[What this task involves]
Begin at the line containing "ウォーターエンジェルは口吹き" and give again every line to the end of the records, exactly, without the pictures.

[Source data]
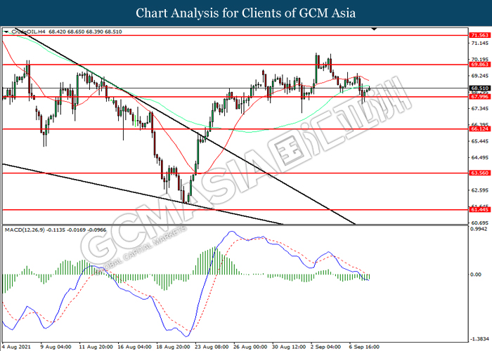CrudeOIL, H4: Crude oil price was traded lower following prior retracement from the resistance level at 69.85. However, MACD which illustrated diminishing bearish momentum suggest the commodity to be traded higher in short-term as technical correction.
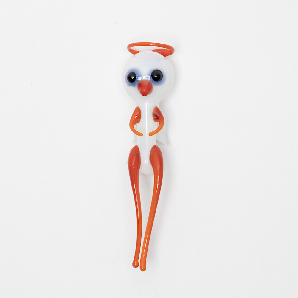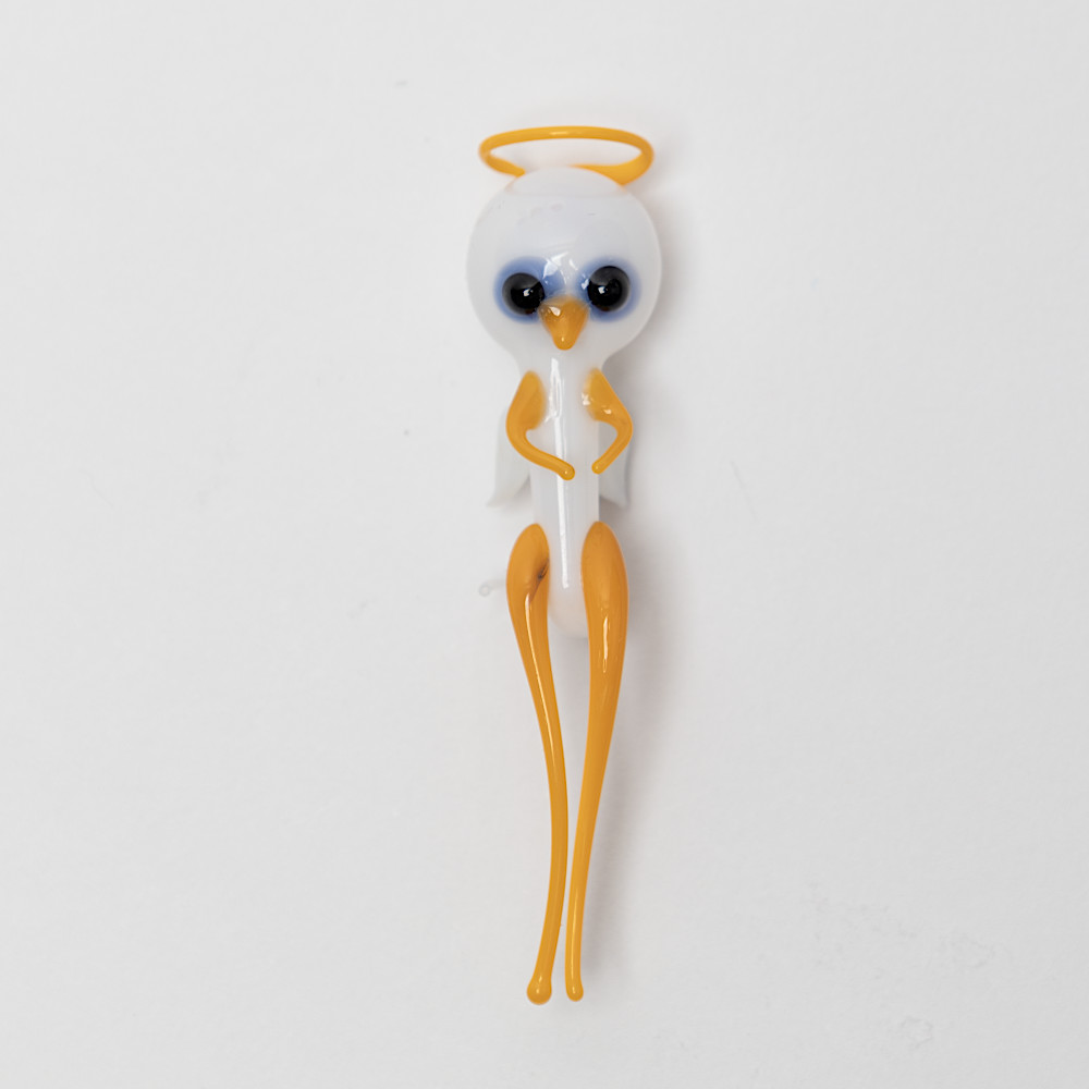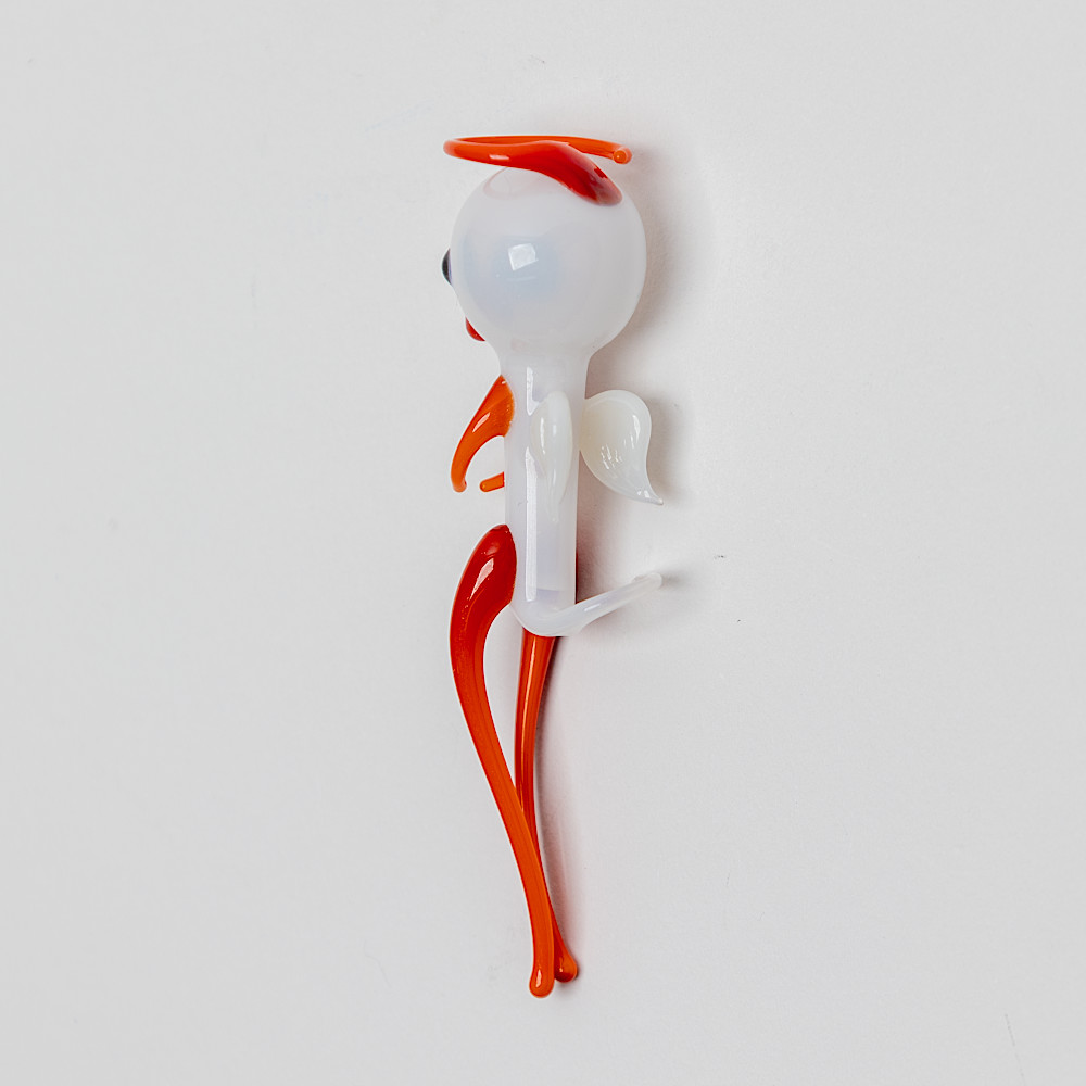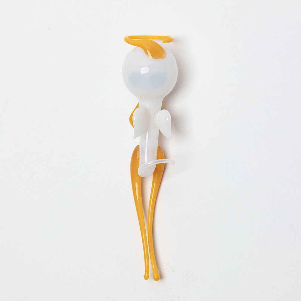 ウォーターエンジェルは口吹きガラス製で、体内は空洞、しっぽの先に小さな穴があいています。これは16世紀のフランスの著名な物理学者で哲学者であったデカルトの考えた原理に基づくおもちゃです。
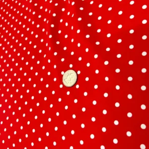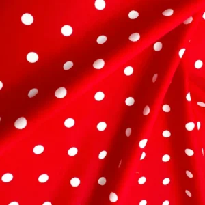 White Polka Dots Red background Print Nylon Spandex Fabric 4 Way Stretch By Yard for swimwear dancewear gymwear sportwear dress skirt (239-12)
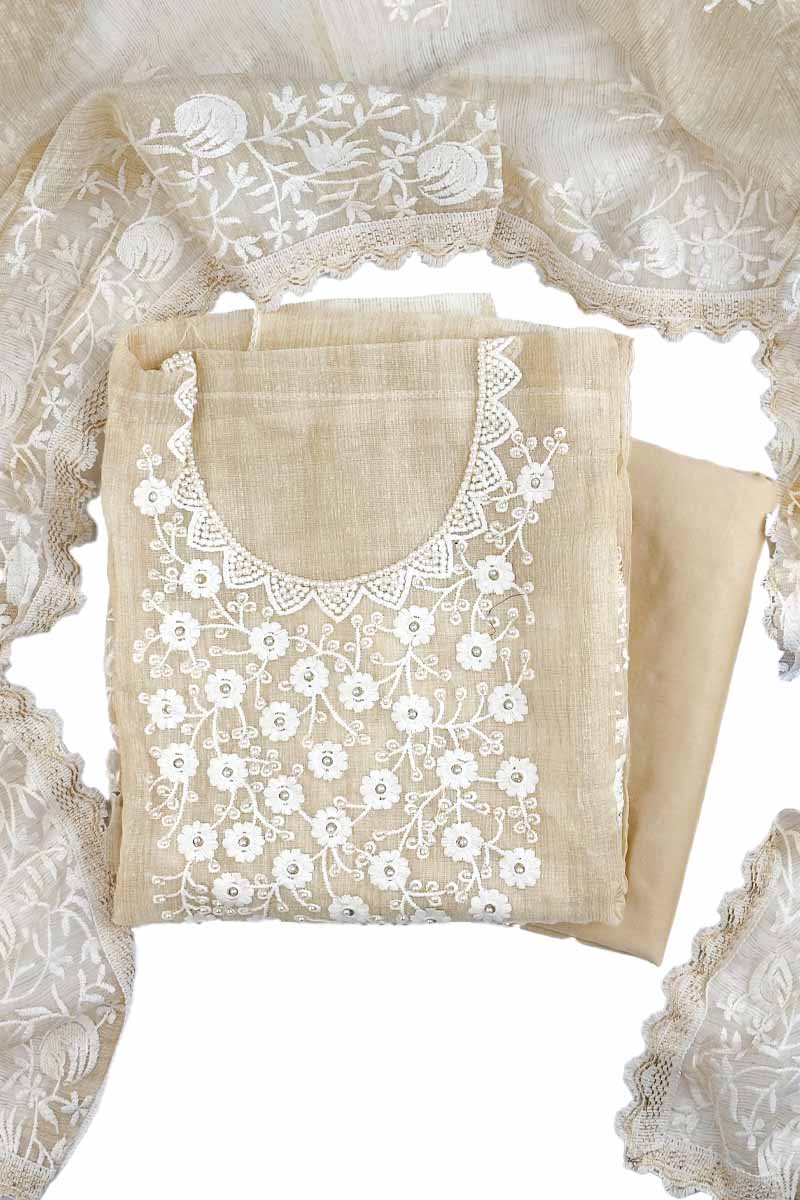 Here is our Tan White colour unstitched dress material, which has an ideal fresh look.
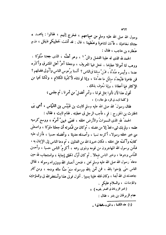 (كَلِمَةُ ثَابِتٍ فِي الرَّدِّ عَلَى عُطَارِدٍ) :
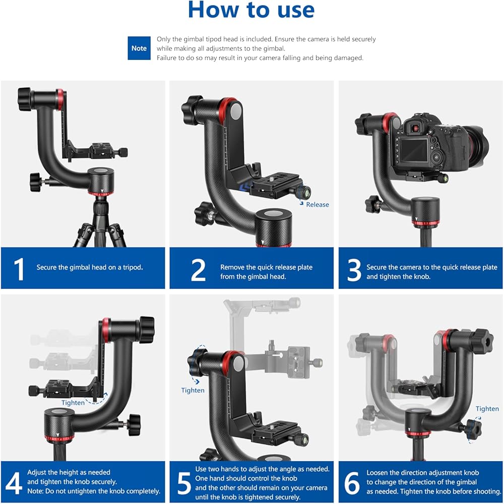 【متين وخفيف الوزن】 مصنوع بقوة من ألياف الكربون ويتميز بآلية تحمل، يمكن لرأس جيمبال ثلاثي القوائم من نيوير GM100 دعم كاميرا دي اس ال ار احترافية كاملة الإطار وعدسة مقربة ثقيلة تصل إلى 30 باوند (13.6 كجم). وزن 2.55 باوند (1.16 كجم) فقط، يمكن وضع GM100 داخل حقيبة الكاميرا الخاصة بك والذهاب إلى أي مكان معك دون أن يسبب الكثير من العبء (ملاحظة: امسك الكاميرا عند فك المقبض، وإلا قد تسقط الكاميرا وتكسر)
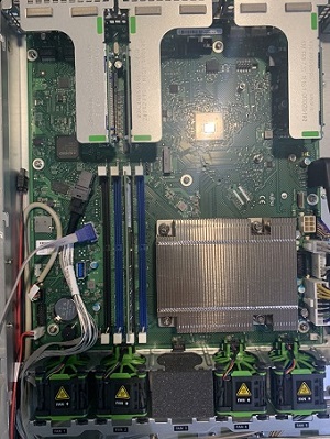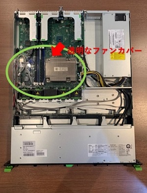 最後に、透明なファンカバーをつけて、ラックサーバの蓋を付けたら作業完了です。

[Solution]
 ウォーターエンジェルは口吹きガラス製で、体内は空洞、しっぽの先に小さな穴があいています。これは16世紀のフランスの著名な物理学者で哲学者であったデカルトの考えた原理に基づくおもちゃです。
 White Polka Dots Red background Print Nylon Spandex Fabric 4 Way Stretch By Yard for swimwear dancewear gymwear sportwear dress skirt (239-12)
 Here is our Tan White colour unstitched dress material, which has an ideal fresh look.
 (كَلِمَةُ ثَابِتٍ فِي الرَّدِّ عَلَى عُطَارِدٍ) :
 【متين وخفيف الوزن】 مصنوع بقوة من ألياف الكربون ويتميز بآلية تحمل، يمكن لرأس جيمبال ثلاثي القوائم من نيوير GM100 دعم كاميرا دي اس ال ار احترافية كاملة الإطار وعدسة مقربة ثقيلة تصل إلى 30 باوند (13.6 كجم). وزن 2.55 باوند (1.16 كجم) فقط، يمكن وضع GM100 داخل حقيبة الكاميرا الخاصة بك والذهاب إلى أي مكان معك دون أن يسبب الكثير من العبء (ملاحظة: امسك الكاميرا عند فك المقبض، وإلا قد تسقط الكاميرا وتكسر)
 最後に、透明なファンカバーをつけて、ラックサーバの蓋を付けたら作業完了です。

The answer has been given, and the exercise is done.